──────── Dataset content
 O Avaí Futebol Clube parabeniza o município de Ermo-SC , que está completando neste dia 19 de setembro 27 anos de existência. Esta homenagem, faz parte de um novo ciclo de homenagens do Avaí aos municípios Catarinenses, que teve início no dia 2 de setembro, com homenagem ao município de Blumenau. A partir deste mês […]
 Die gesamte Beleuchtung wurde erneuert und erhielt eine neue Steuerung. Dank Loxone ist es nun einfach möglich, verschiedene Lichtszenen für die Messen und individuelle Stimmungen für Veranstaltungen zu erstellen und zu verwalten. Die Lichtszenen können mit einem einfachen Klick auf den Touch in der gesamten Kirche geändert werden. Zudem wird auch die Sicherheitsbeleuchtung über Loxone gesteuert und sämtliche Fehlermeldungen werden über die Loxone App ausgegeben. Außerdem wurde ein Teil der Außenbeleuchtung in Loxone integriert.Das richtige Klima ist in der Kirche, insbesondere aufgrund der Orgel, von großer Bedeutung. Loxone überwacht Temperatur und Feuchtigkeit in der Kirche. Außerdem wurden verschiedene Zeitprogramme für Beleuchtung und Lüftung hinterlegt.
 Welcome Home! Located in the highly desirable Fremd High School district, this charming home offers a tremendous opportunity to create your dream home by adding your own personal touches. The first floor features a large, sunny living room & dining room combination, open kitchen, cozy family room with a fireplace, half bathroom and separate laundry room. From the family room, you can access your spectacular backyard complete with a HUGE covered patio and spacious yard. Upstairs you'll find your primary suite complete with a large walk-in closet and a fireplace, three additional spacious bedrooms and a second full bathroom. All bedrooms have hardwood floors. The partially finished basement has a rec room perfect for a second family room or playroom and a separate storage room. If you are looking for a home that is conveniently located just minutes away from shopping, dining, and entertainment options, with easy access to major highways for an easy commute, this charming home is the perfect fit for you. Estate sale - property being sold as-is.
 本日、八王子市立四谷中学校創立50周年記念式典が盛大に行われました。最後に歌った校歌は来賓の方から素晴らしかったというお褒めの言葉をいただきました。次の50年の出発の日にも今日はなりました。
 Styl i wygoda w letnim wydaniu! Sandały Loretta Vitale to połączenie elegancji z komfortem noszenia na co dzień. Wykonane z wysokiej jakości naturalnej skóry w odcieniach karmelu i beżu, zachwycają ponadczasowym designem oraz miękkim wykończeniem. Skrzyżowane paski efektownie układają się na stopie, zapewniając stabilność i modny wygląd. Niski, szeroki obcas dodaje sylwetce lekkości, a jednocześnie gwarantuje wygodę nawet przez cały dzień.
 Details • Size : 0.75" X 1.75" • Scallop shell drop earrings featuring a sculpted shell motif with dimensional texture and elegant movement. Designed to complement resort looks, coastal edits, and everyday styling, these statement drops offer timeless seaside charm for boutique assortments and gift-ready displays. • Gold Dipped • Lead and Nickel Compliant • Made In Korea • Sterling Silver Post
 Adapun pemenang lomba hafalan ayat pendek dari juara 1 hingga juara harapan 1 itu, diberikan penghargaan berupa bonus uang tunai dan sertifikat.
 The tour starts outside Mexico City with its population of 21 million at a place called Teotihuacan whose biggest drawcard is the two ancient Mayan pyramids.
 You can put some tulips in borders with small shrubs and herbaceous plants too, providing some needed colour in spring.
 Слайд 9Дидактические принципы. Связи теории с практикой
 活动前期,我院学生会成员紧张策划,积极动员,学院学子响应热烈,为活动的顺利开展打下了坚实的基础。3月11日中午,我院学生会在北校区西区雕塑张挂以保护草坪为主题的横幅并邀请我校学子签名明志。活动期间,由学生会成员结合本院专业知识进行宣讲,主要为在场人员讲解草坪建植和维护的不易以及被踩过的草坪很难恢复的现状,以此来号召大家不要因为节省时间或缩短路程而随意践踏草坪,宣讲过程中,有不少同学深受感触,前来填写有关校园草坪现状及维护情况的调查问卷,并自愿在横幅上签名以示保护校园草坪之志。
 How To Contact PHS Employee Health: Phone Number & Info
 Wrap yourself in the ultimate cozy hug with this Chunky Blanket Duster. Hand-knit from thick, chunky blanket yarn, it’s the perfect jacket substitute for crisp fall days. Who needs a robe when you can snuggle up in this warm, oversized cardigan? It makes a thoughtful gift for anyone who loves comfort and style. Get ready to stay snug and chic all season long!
────────────────
Work to be completed
Only one stretch is wanted, so please give again exactly the lines from the start of the data through the line containing "Die gesamte Beleuchtung", both ends included.

Answer to the problem
 O Avaí Futebol Clube parabeniza o município de Ermo-SC , que está completando neste dia 19 de setembro 27 anos de existência. Esta homenagem, faz parte de um novo ciclo de homenagens do Avaí aos municípios Catarinenses, que teve início no dia 2 de setembro, com homenagem ao município de Blumenau. A partir deste mês […]
 Die gesamte Beleuchtung wurde erneuert und erhielt eine neue Steuerung. Dank Loxone ist es nun einfach möglich, verschiedene Lichtszenen für die Messen und individuelle Stimmungen für Veranstaltungen zu erstellen und zu verwalten. Die Lichtszenen können mit einem einfachen Klick auf den Touch in der gesamten Kirche geändert werden. Zudem wird auch die Sicherheitsbeleuchtung über Loxone gesteuert und sämtliche Fehlermeldungen werden über die Loxone App ausgegeben. Außerdem wurde ein Teil der Außenbeleuchtung in Loxone integriert.Das richtige Klima ist in der Kirche, insbesondere aufgrund der Orgel, von großer Bedeutung. Loxone überwacht Temperatur und Feuchtigkeit in der Kirche. Außerdem wurden verschiedene Zeitprogramme für Beleuchtung und Lüftung hinterlegt.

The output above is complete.